Pictures are to be left out; every line from the one that holds "Ihkke Baju Wanita" to the end of the data is to be retyped exactly.
****
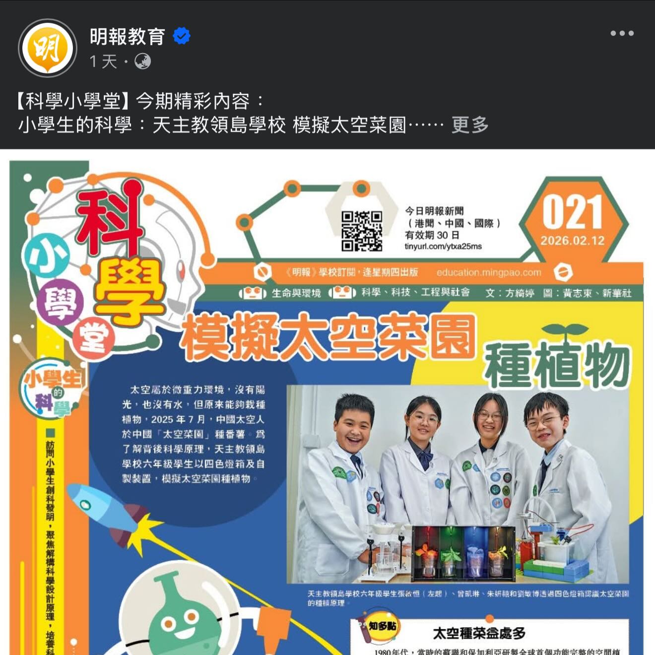 小學生的科學:模擬太空菜園 種植物 - 20260212 - 小學科學 - 明報教育網
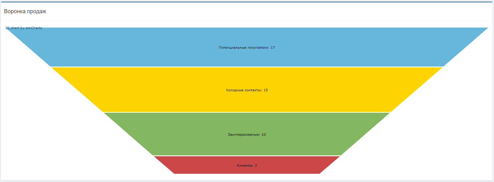 График воронки продаж - это отражение движения лидов по шагам, которые они проходят в соответствии с заведенными шагами.
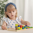 Crafted with high-quality rubber wood, each piece is meticulously painted and printed by hand, ensuring durability and a smooth, tactile experience. The set includes 55 wooden rings and 20 square pieces, providing ample opportunities for counting and matching activities.
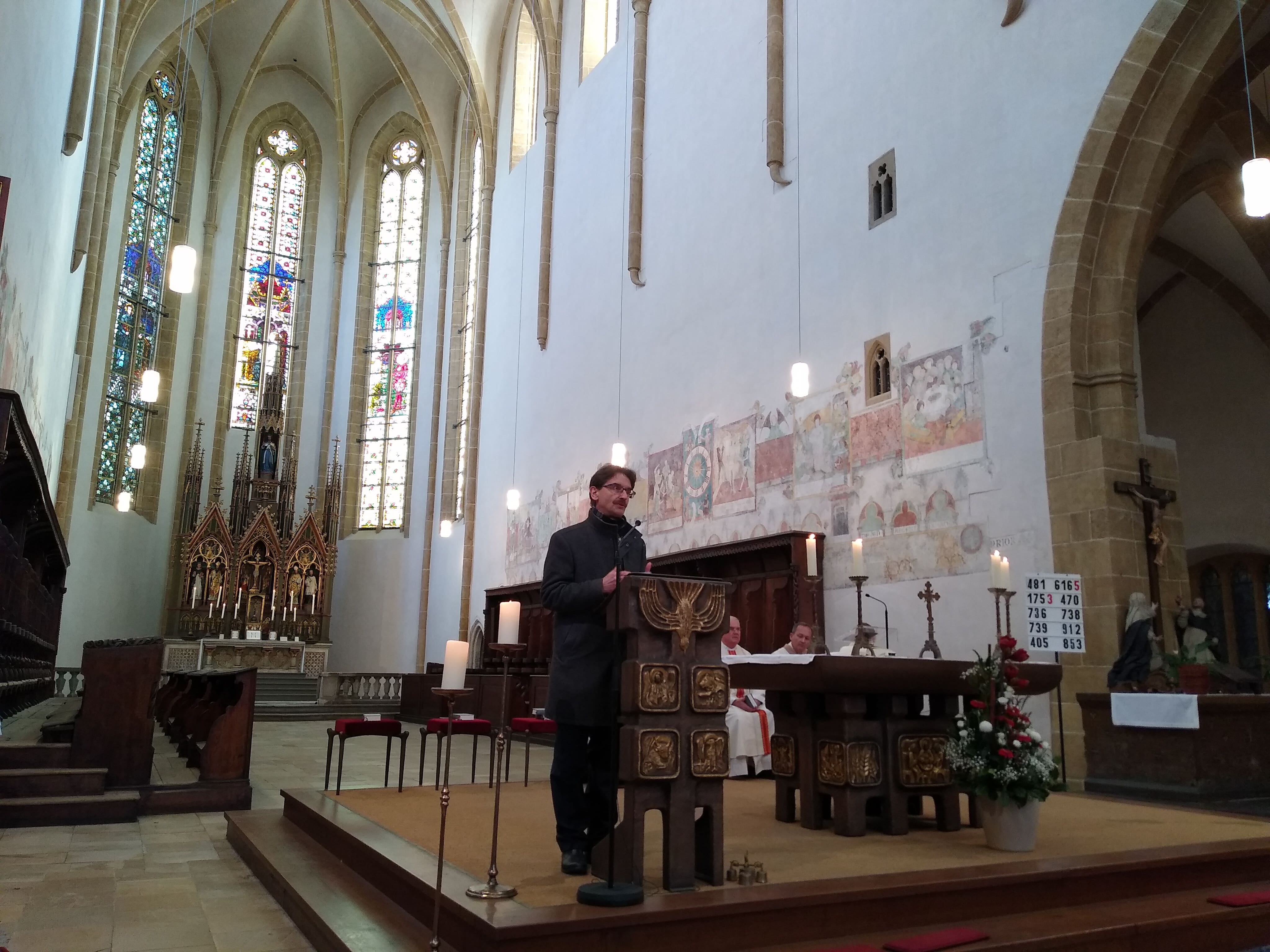 Eröffnet wurde der Lehrerfortbildungstag um 9 Uhr mit einem gemeinsamen Gottesdienst in der Dominikanerkirche St. Blasius. Domkapitular Msgr. Martin Priller, der der Heiligen Messe vorstand, ging in seiner Predigt auf das kürzliche erschienene Apostolische Schreiben Papst Leos XIV. über den Bildungsauftrag der Kirche – Disegnare nuove mappe di speranza – ein und verwies auf die katholischen Schulen als „Landkarten der Hoffnung“ in einer zunehmend säkularen Gesellschaft. Als Vorbild für die Lehrerinnen und Lehrer der Stiftungsschulen stellte Domkapitular Priller den heiligen Albertus Magnus in den Mittelpunkt, den ehemaligen Bischof von Regensburg, an dessen Festtag (15.11.) im Jahr 2002 die Schulstiftung gegründet worden ist.
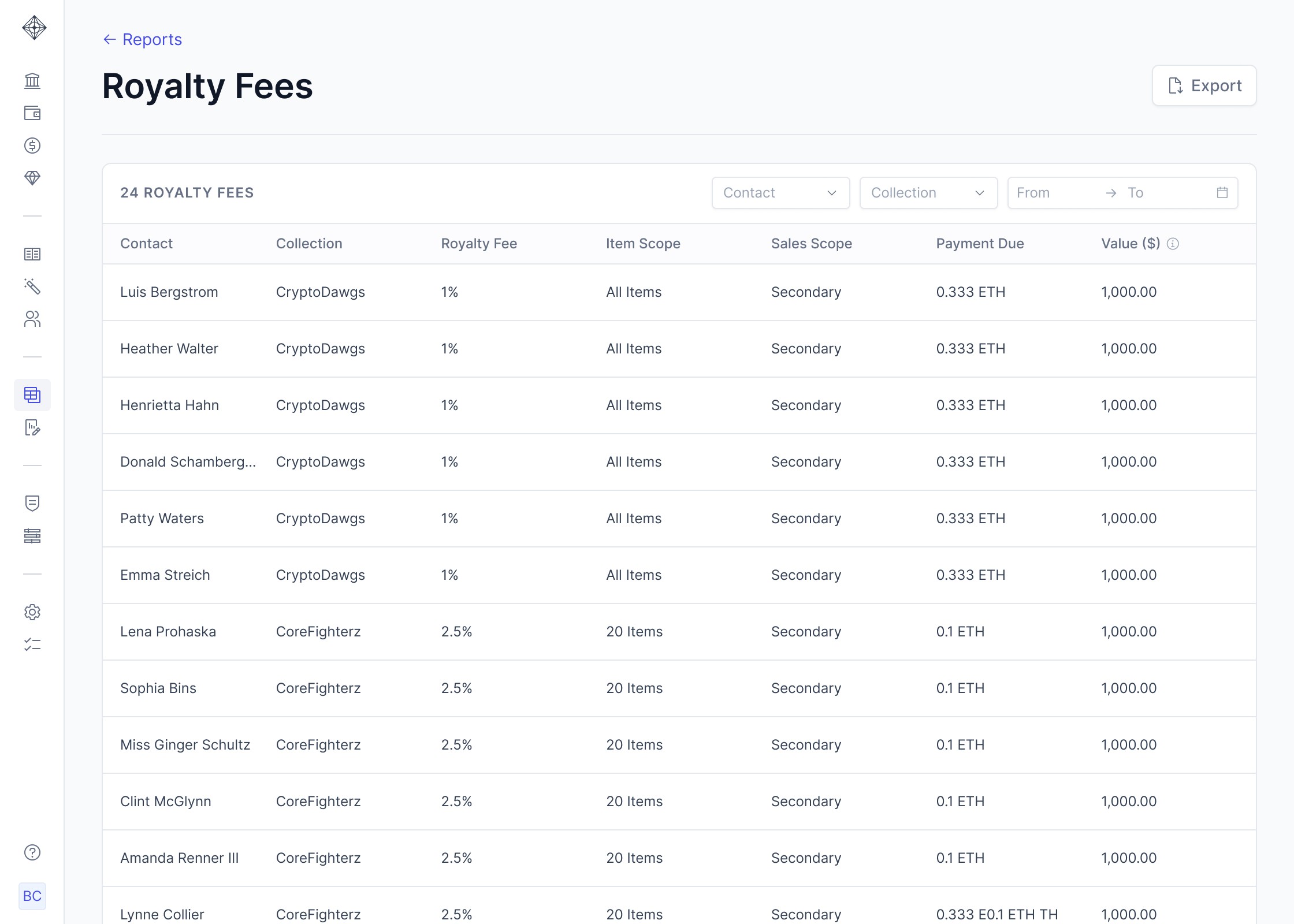 This is where the need for automation becomes apparent. Integral’s new feature addresses these challenges head-on with automated royalty calculations. By using a rule-based system, the feature efficiently manages the various conditions for calculating royalties. Each NFT collection can have specific conditions, such as the beneficiary and fee percentage. Integral’s system also allows users to generate reports, showcasing the royalties owed for each rule created in each collection.
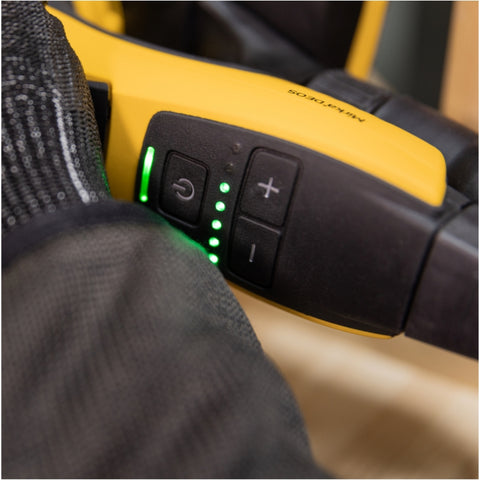 The Mirka DEOS features an integrated vibration sensor and Bluetooth low energy technology. The vibration sensor makes it possible to view the current vibration level through the myMirka app.
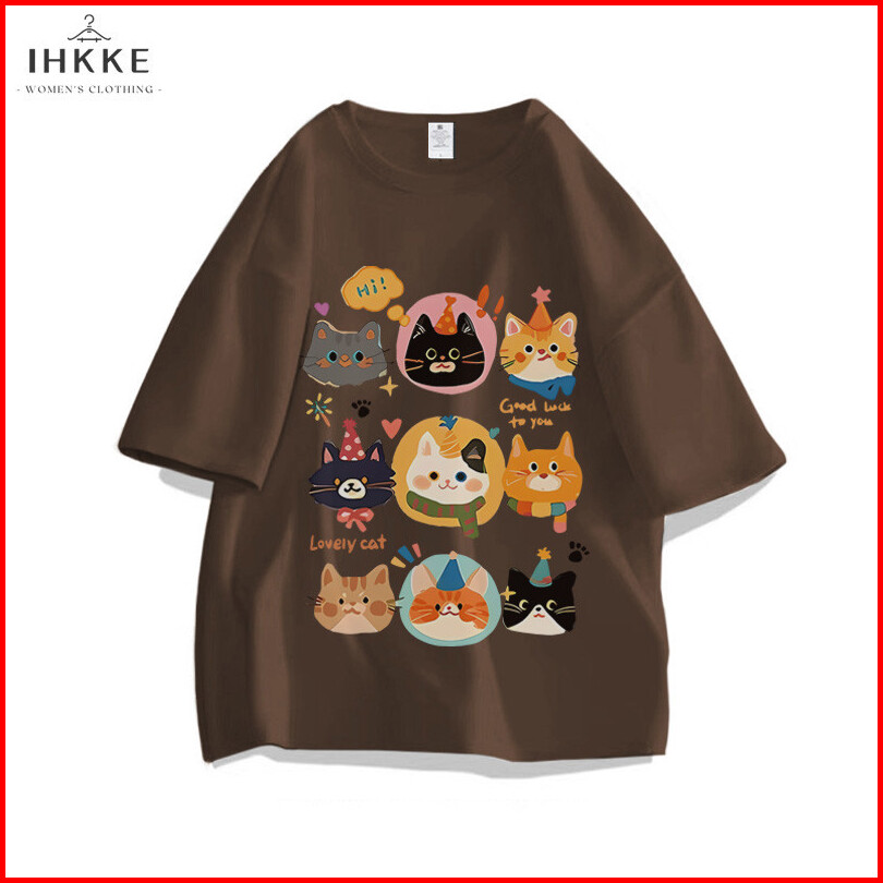 Ihkke Baju Wanita Kekinian Lengan Pendek Kartun Lucu Cat Motif Graffiti Kaos Cream Import Premium Kaos Remaja Perempuan
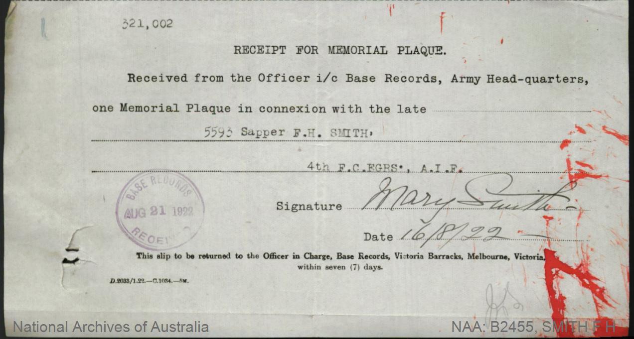 Source: AWM145 Roll of Honour cards, 1914-1918 War, Army
****
Written answer.
 Ihkke Baju Wanita Kekinian Lengan Pendek Kartun Lucu Cat Motif Graffiti Kaos Cream Import Premium Kaos Remaja Perempuan
 Source: AWM145 Roll of Honour cards, 1914-1918 War, Army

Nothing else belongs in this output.